滕则看着她起身,午后的阳光撒在她身上,照得她柔顺的发丝透出温暖的颜色。她起身理了理衣服,那修长的手指划过衣袍,带着漂亮的力度,看得他掌心发热。
“你今日没跟中襄台告假吧?”临赫见他还稳坐不动,问了一句。
“没有。”滕则回神,毫无愧意,他立刻站了起来,“一起走,我正好回中襄台。”
木莲跟踏雪正调好了药膏从医堂里过,准备给黎却尘涂伤口去。
木莲以为滕则跟明启一起走了,再见到他和临赫一起从楼梯上下来,震惊地停了脚步,“小姐,你们,不是,滕将军——”
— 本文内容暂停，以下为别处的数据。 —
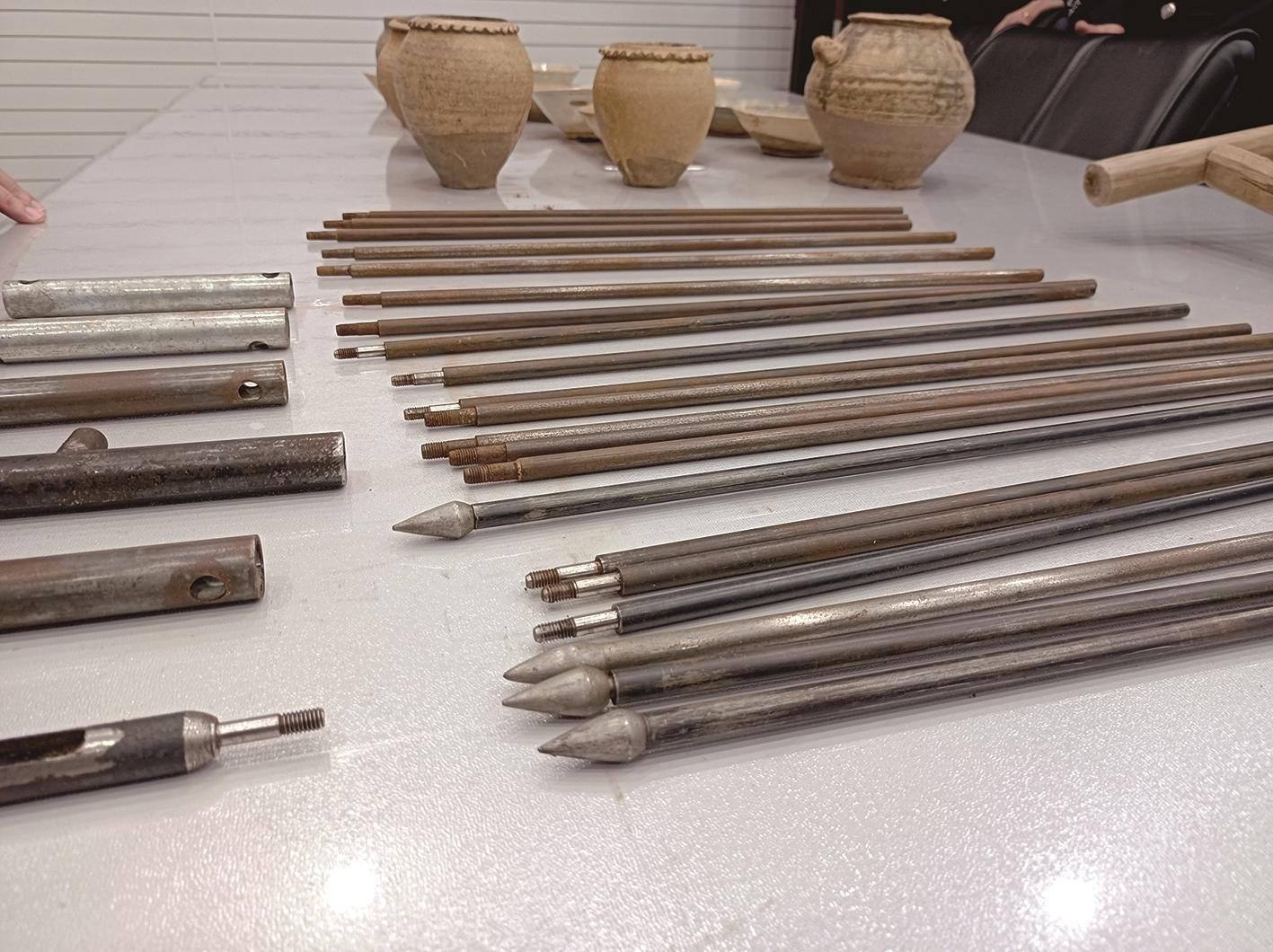 新闻通气会现场,罗田警方展示了部分被盗宋代文物和作案工具。黄兴华介绍,这些陶瓷文物看似不起眼,但据犯罪分子交代,品相好的在“黑市”上单个可以卖到万元。

踏雪手里还拿着几颗果脯,见状手疾眼快地塞进了木莲嘴里。
她抬头跟临赫乖巧的笑着,一点不敢看她身边的滕则。
“小姐,吴阵已经拿了咱们相国的令,去京卫衙门要人了。”
竟王府里,钱群跪在竟王面前战战兢兢。
竟王听人回来报,钱群刺杀黎却尘的人被送进京卫衙门了,气得抬脚踹在了钱群心口。
“废物!谁让你擅作主张这个时杀了黎却尘灭口的!”竟王怒吼,“就算你要杀了他,别让人抓了把柄啊!这么简单的事儿都做不好,我还费什么心思送你去郁州?送去了给我惹更大的麻烦吗?”
“王爷息怒!”钱群连滚带爬从地上起来忙又跪好了,口齿伶俐道:“王爷,宫里边儿的人带出来的话,说景相国跟皇上已经得了我跟江右相府上来往的银子账本。要在初一早朝上当众弹劾扣押了我,我这也是一时心急才出此下策啊,王爷!”
“哼”竟王冷笑一下,“你也知道这是下策,为什么从宫里得了这个消息,不跟本王商量一下再决定?本王当着满朝文武的面,极力保你去郁州,你蠢到这个地步,连本王都跟着你一起受连累。”